13:10 to 13:20... damn straight to the point.
Excellent video that should be seen by all. Chris Hedges correctly notes that the Democratic Party in Europe (I lived there 22 years) would be considered far right: Where does this leave us? What are we doing? In the same way, he notes that, in France, if you told French students they would be paying $50,000 a year for school, they would shut the country down. He is right again, for I have seen it.
Bless you Chris, and us.
the interview with Chris Hedges has been one of the best -
wish he'd start a movement in a particular city in a particular state to create the role model for the future
Great interview series! Paul and Chris continue to kick ass and stay hungry!
Chris Hedges is a breath of fresh air - there's nothing like hearing the truth. Thank you.
Here we are 10 years later & it's worse than EVER!
This is probably my favorite interview, and I love hearing from Col. Wilkerson. You guys are a bastion of hope, if you will forgive the term. Thank you so much for what you do!
occupy was our offer to solve this situation peacefully.
make of this comment what you wish.
I am thinkful that I am old. There is no other reason for spying on us but to act against us if we weild any power to wake others up.
My question is what do they gain once the entire middle class is gone? Goods for sale and no buyers? This short sightness is madness....
Great channel. TH-cam icon and legend Double Rainbow Guy just subscribed.
Paul Jay is one of the best journalists around.
We MUST get out in the streets. I put up signs on telephone poles as often as I can. I'm looking forward to meeting you all out there.
Chris is so passionate he can hardly wait 10 seconds for them to start a new clip so that he can articulate his point. Love it
A major problem with a municipal healthcare system is that it is very restrictive. Only people who are registered in the district are allowed to use the healthcare services there. If you have an emergency, you have the right to get treatment, but as soon as you're out of the ICU, you have to transfer to a hospital in your own district.
This interview is turning me around to really liking Chris, whom I have liked in general but had an uncertain feeling about, like he was a "sky is falling" type.
How about now? "sky is falling" seemed rather appropriate to describe the last 4 years...and probably years to come.
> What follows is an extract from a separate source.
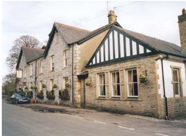
The Calf's Head Hotel
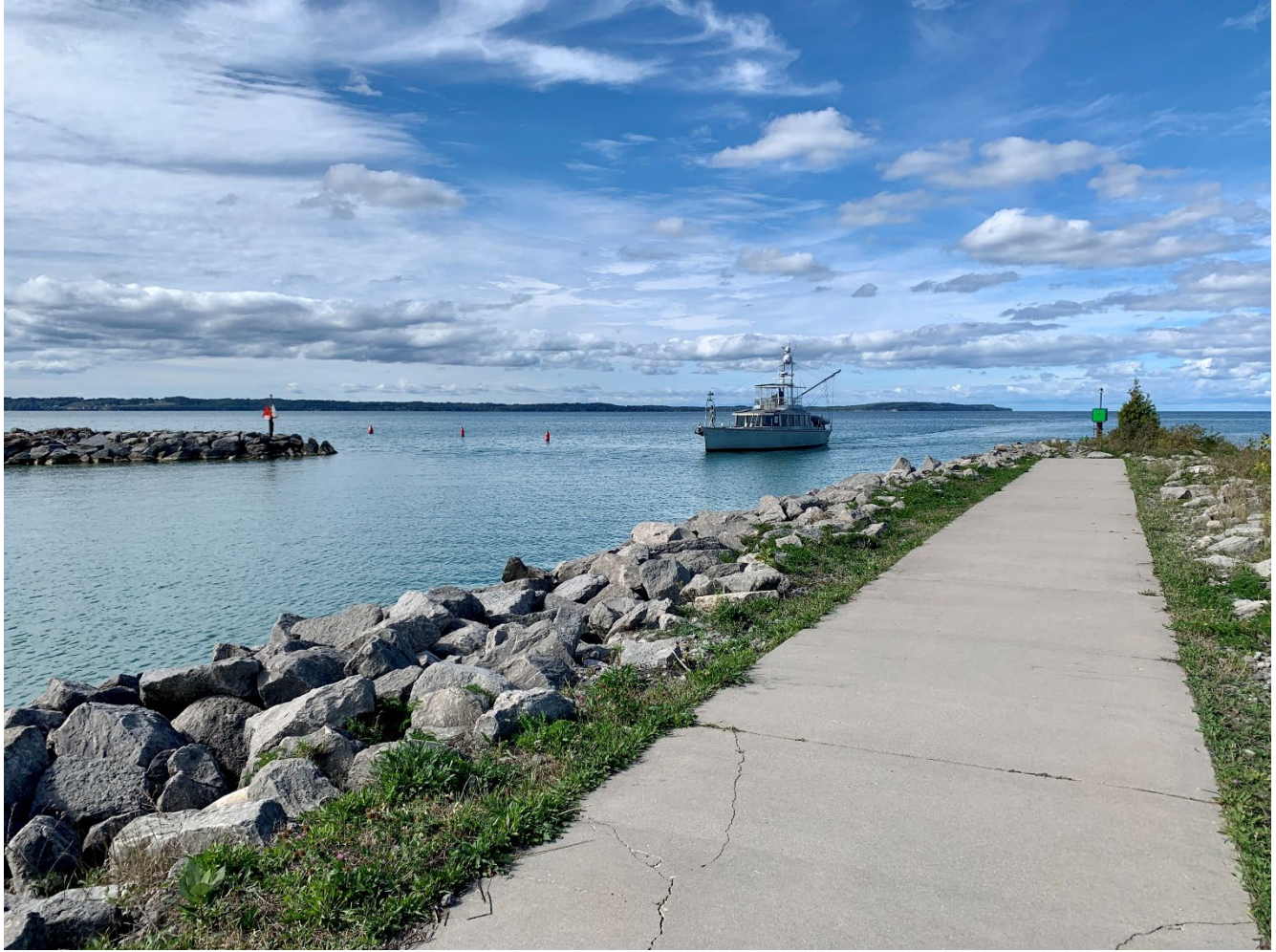
Harbor entrance that will need to be dredged.

I like Chris now especially because it's refreshingly honest take on the whole system. None of that this side is bad, or that side is bad...they both suck and in the end, everyone appears to be a sucker and have fallen for their bag of identity politic tricks
100% correct
Love this series, but 1 minor complaint, the listing of the Videos on the Website is rather confusing. At least on the page with the Player. Putting x/7 in the visible title or some indication of Order would be most helpful.
I'd rather vote for something I want and not get it than to vote for something I don't want and get it.
I'm amazed that Chris Hedges described accurately the state of affairs today back in a 2013 interview. It's too bad that all the great talent in the US is so marginalized that their voices are not heard by the majority of Americans.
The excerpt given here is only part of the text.